GloVe#

GloVe is an unsupervised learning algorithm for obtaining vector representations for words. It is based on the co-occurrence matrix of words from a corpus.

GloVe stands for Global Vectors for Word Representation. It was introduced by [Pennington et al., 2014] in 2014.

Improvement over word2vec#

  • Word2vec uses a window-based approach, in which it only considers the local context of a word. This means that it does not consider the global context of a word.

  • GloVe uses a global context of a word in addition to the local context. This means that it can capture the meaning of a word better than word2vec.

Co-occurrence matrix#

What are the global contexts of a word? The global contexts of a word are the words that co-occur with it in a corpus.

For example, we have the following sentences:

Document 1: “All that glitters is not gold.”

Document 2: “ All is well that ends well.”

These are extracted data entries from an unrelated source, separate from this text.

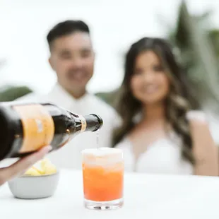 We first met Chad and the StirBev team at WedTalk, where we got to sample their incredible cocktails--and let me tell you, we instantly fell in love with their Mango Mezcal (Mezcal, Cointreau, fresh mango & lime juice, fresh black pepper, and a Hawaiian black sea salt rim). The flavors, the presentation, the style--come on, that sea salt rim?! We were obsessed. My husband and I kept saying we wished we could order this drink at every bar we went to. So, of course, hiring them for our wedding at Lanikuhonua was an absolute must.The StirBev team guided us through selecting 6-8 drinks, and at our tasting, we made small tweaks to our top three to curate our very own "His, Hers, and Ours" cocktails. We were beyond impressed with how they crafted drinks that reflected our personalities so uniquely. They even designed a beautiful drink menu for us, which we loved so much that we framed it and have it hanging on our wall at home!On the wedding day, the team was flawless--efficient, professional, and incredibly warm. The bar setup was absolutely stunning, with perfectly arranged liquor bottles, fresh garnishes, and elegant details that made the whole experience feel cinematic. Our guests couldn't stop raving about how grand and luxurious the bar felt, and the bartenders were not only skilled but so personable and fun!We also added their cigar bar option, which was a huge hit at our reception/after-party. It created such a unique and memorable experience, and we even customized cute matchboxes as favors for our guests.Honestly, 1,000,000/10 recommend StirBev to everyone! I'm already brainstorming excuses to book them again--even though my wedding is over. Chad and the StirBev team, thank you for making our wedding bar experience absolutely unforgettable!
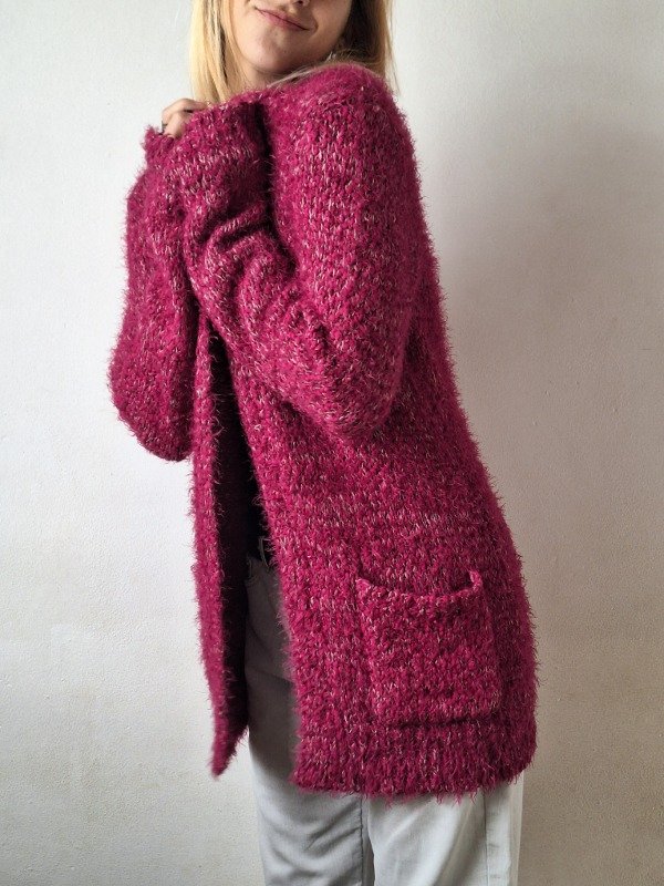 𝗗𝗲𝘀𝗰𝗿𝗶𝗽𝗰𝗶𝗼𝗻: Saco violeta/fuscia, bolsillitos adelante, mega calentito y comodo. Todos los sacos y ponchos las medidas serán aproximadas ya que sede más.
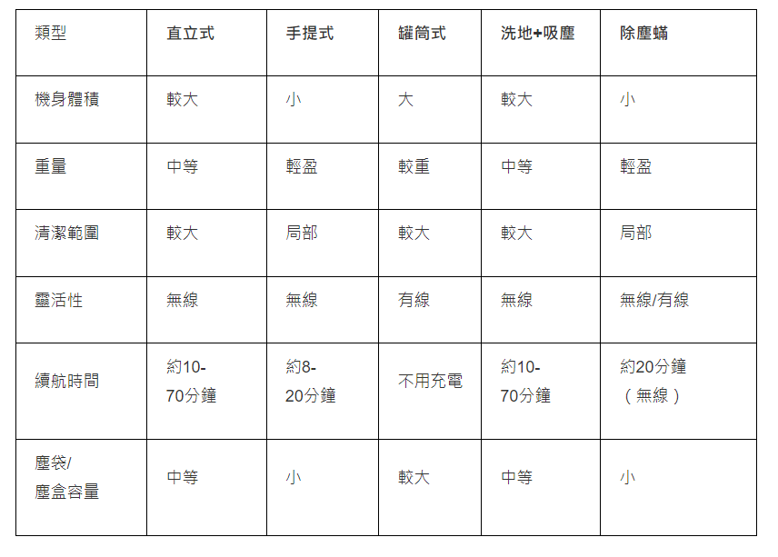 虽然现在最流行的吸尘机以直立式为主,然而市场上还有其他类型的吸尘机,用途功能不尽相同,稍为了解一下特性,更容易找到适合阁下的类型。
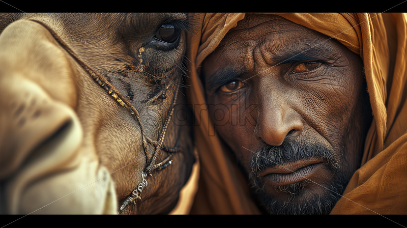 A close-up portrait captures the Bedouin nomad’s dignified strength, highlighting the endurance of desert life.
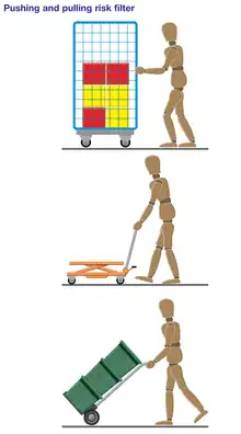 Manual material handling may require pushing or pulling. Pushing is generally easier on the back than pulling. It is important to use both the arms and legs to provide the leverage to start the push.[16]
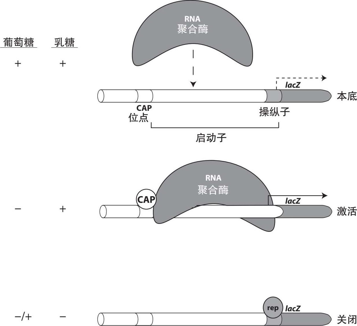 (1)如果乳糖和葡萄糖同时存在,乳糖阻遏蛋白和CAP都不会与DNA结合,RNA聚合酶与启动子弱结合,乳糖操纵子在低基准水平转录。
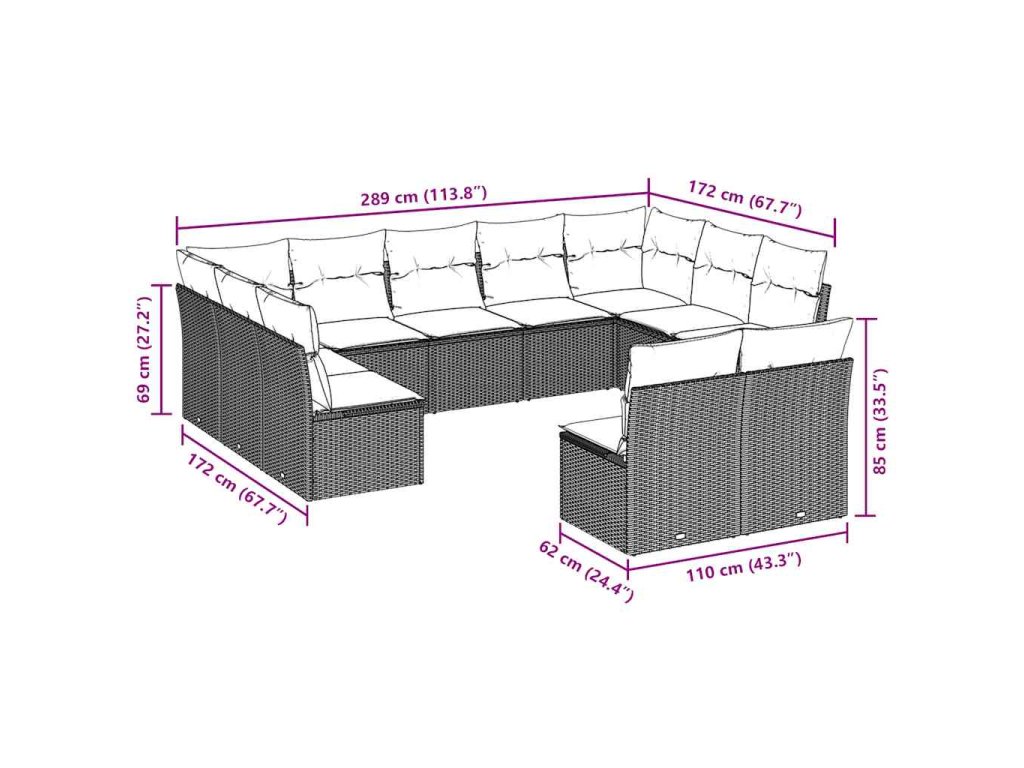 11dílná zahradní sedací souprava s poduškami šedá polyratan 3218352
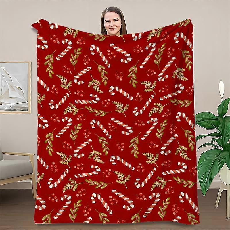Christmas Candy Cane Throw Blanket, Festive Holiday Fleece Blanket, Cozy Winter Blanket for Home, Sofa, and Gift
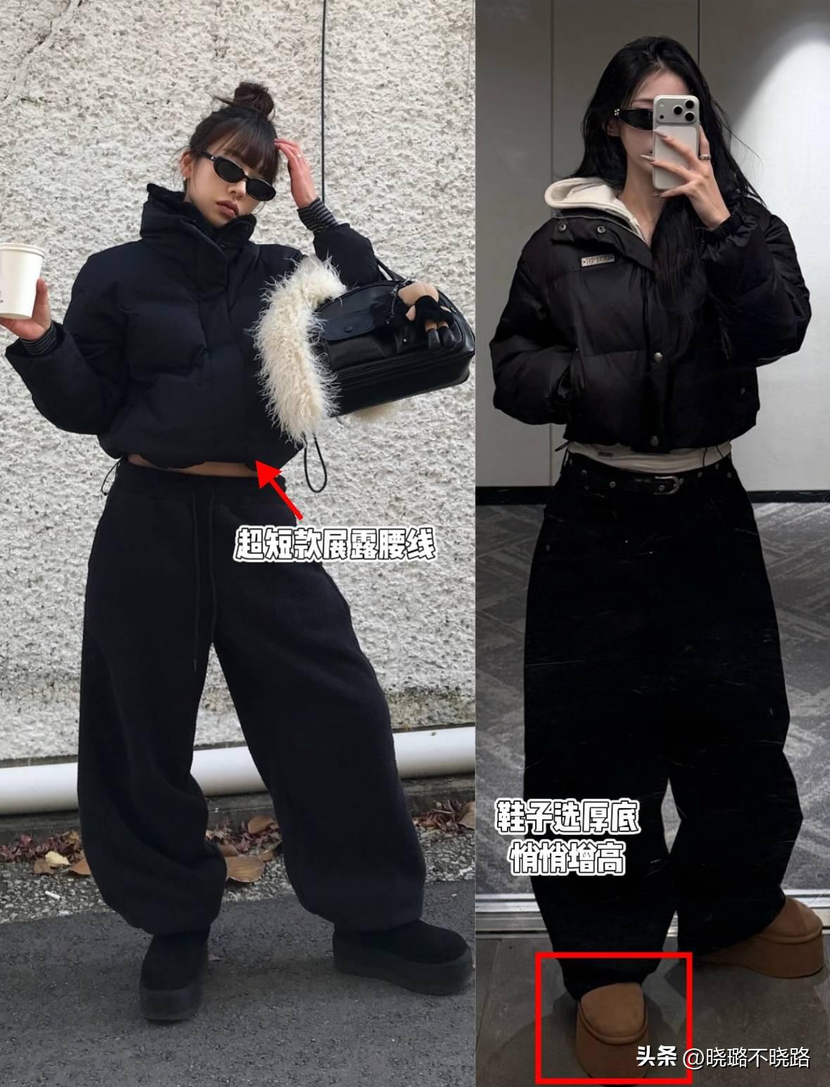 •推薦搭配:超短款羽絨服+黑色高腰闊腿褲+雪地靴
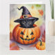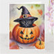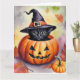 Halloween Black Kitten Witch Hat Pumpkin Card
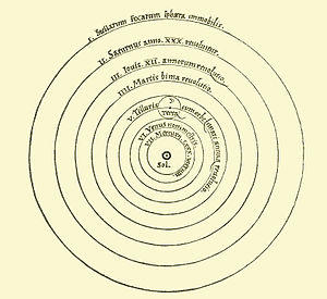 Copernican heliocentrism is the name given to the astronomical model developed by Nicolaus Copernicus and published in 1543. This model positioned the Sun at the center of the Universe, motionless, with Earth and the other planets orbiting around it in circular paths, modified by epicycles, and at uniform speeds. The Copernican model displaced the geocentric model of Ptolemy that had prevailed for centuries, which had placed Earth at the center of the Universe. Copernican heliocentrism is often regarded as the launching point to modern astronomy and the Scientific Revolution.
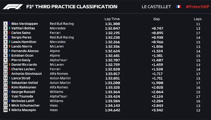 24直播网讯 北京时间6月19日,2021赛季F1第七站法国大奖赛在勒卡斯泰莱的保罗-里卡尔赛道结束第三次练习赛。
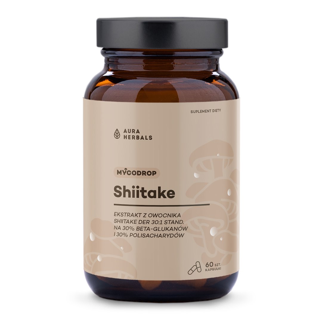 Aura Herbals AURA HERBALS Mycodrop, Shiitake 30:1, 30% beta-glukan (60 kapslit) on toidulisand, mis on pakendatud kapslitena ja mille pakend sisaldab 60 kapslit. Bränd on Aura Herbals.
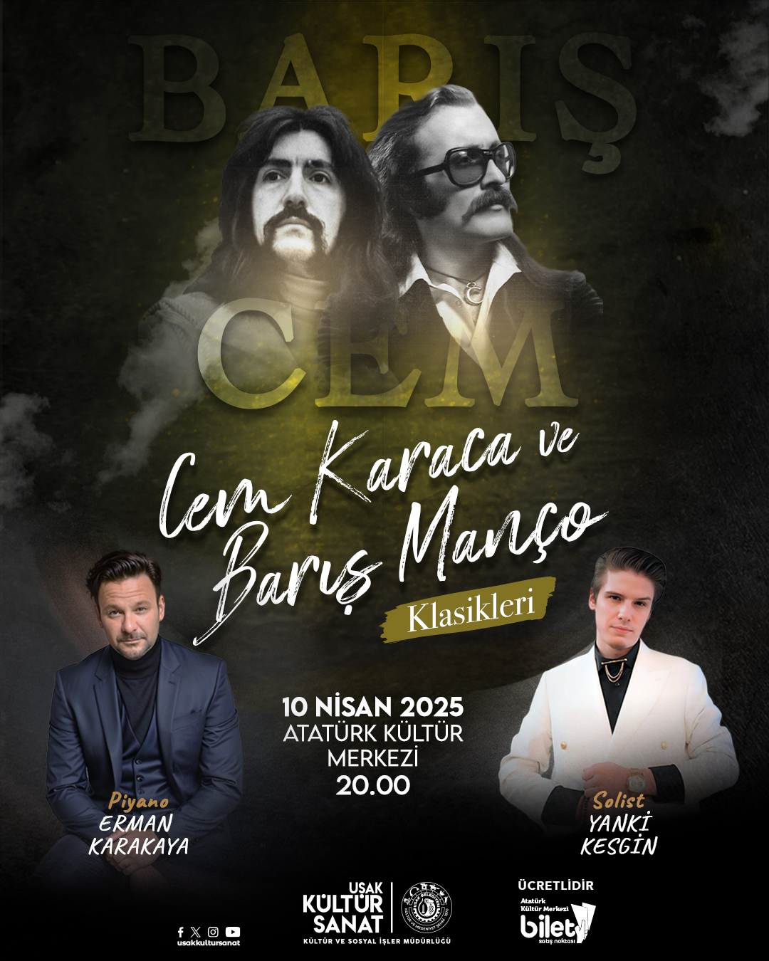 Cem Karaca ve Barış Manço Klasikleri ile Unutulmaz Bir Gece!Türk müziğinin iki efsane ismi Cem Karaca ve Barış Manço’nun klasikleşmiş şarkılarıyla dolu özel bir konser sizleri bekliyor! 10 Nisan 2025 Saat: 20.00 Atatürk Kültür ...
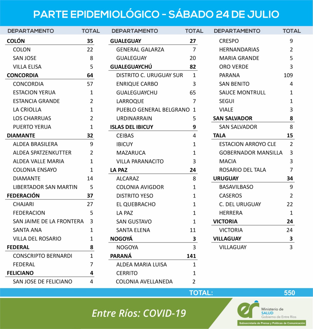 El área de Vigilancia Epidemiológica del Ministerio de Salud confirmó que en Entre Ríos este sábado se registraron 550 nuevos casos de coronavirus.
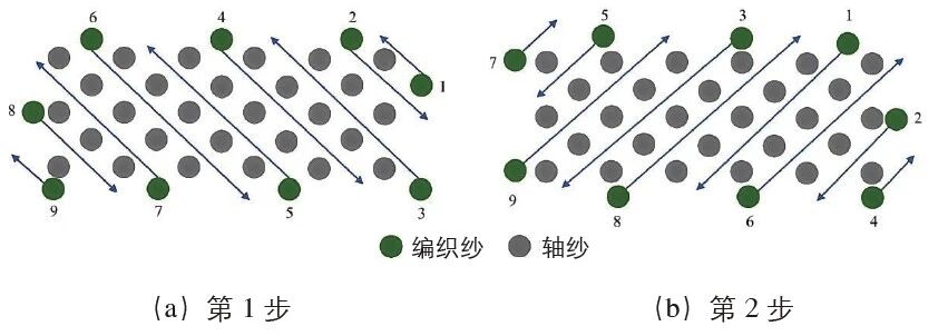 三维编织技术是通过织机驱动绕有纱线的携纱器,牵引纱线循环交织从而制成具有空间三维网状结构的织物。三维编织预制体中,编织纤维(或纱线)沿织物成型方向以一定角度取向,编织物厚度超过参加编织纱线或纤维束直径 3 倍以上,且在厚度方向上纱线相互交织。典型的三维编织工艺包括行列式编织和旋转式编织两大类。
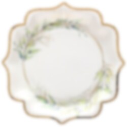 10 prachtig gevormde papieren bordjes van hoge kwaliteit met bladmotieven, en zowel goudgefolieerde details in reliëf als gouden randen. De bordjes passen zowel bij kinderfeestjes, doopfeesten, andere feesten en bruiloften, en kunnen goed gecombineerd worden met andere tafelaccessoires uit dezelfde collectie en andere decoraties in groene kleuren en goud.
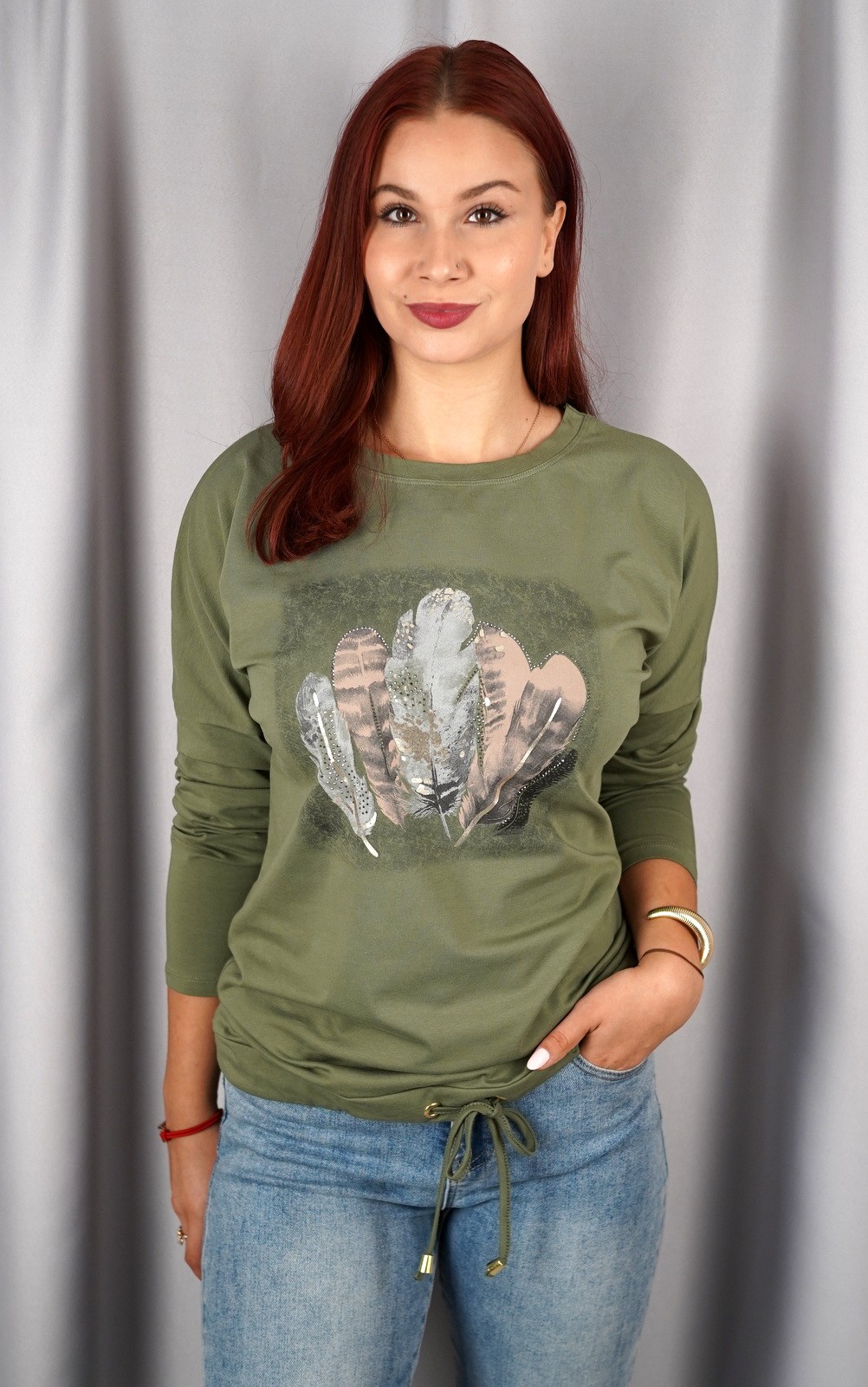 Ženska pamučna majica dugih rukava s printom perja i vezicom u struku – S0453
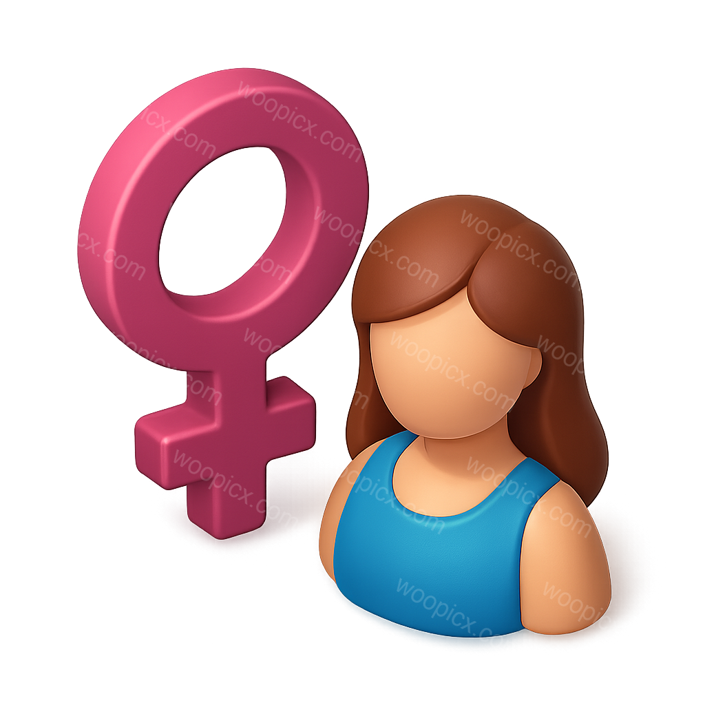 /Premium/Collection: /by davooda/Type: PNG/A stylized 3D icon depicting a female figure alongside a pink female symbol. The figure features a volumetric design with a blue top, rendered in a three-quarter view.

Then, with a window size of 1, the co-occurrence matrix of the words in the corpus is:

co-occurrence_matrix
  • The rows and columns represent the words in the corpus.

  • <START> and <END> are special tokens that represent the start and end of a sentence.

  • Since that and is occur only once in the window of glitters, the value of (that, glitters) and (is, glitters) is 1.

Training GloVe#

Glove model is a weighted least squares regression model, where the weights are the word vectors. The objective function is the sum of squared errors between the co-occurrence matrix and the dot product of the word vectors.

\[ \begin{align} \mathcal{L} = \frac{1}{2}\sum_{i,j=1}^V f(X_{ij}) (\log X_{ij} - \mathbf{u}_i^\top \mathbf{v}_j)^2 \end{align} \]

where \(X_{ij}\) is the co-occurrence matrix, \(\mathbf{u}_i\) is the word vector of the \(i\) th word, and \(\mathbf{v}_j\) is the word vector of the \(j\) th word. The function \(f\) is a weighting function that is used to downweight the common words.

GloVe vs word2vec#

  • GloVe is a global model, while word2vec is a local model.

  • GloVe ouputperforms word2vec on word analogy, word similarity, and Named Entity Recognition (NER) tasks.

  • If the nature of the problem is similar to the above tasks, then GloVe is a better choice than word2vec.

  • Since it uses a global context, GloVe is better at capturing the meaning of rare words even on small datasets.

  • GloVe is slower than word2vec.

Using GloVe#

GloVe is available to download from the Stanford NLP website.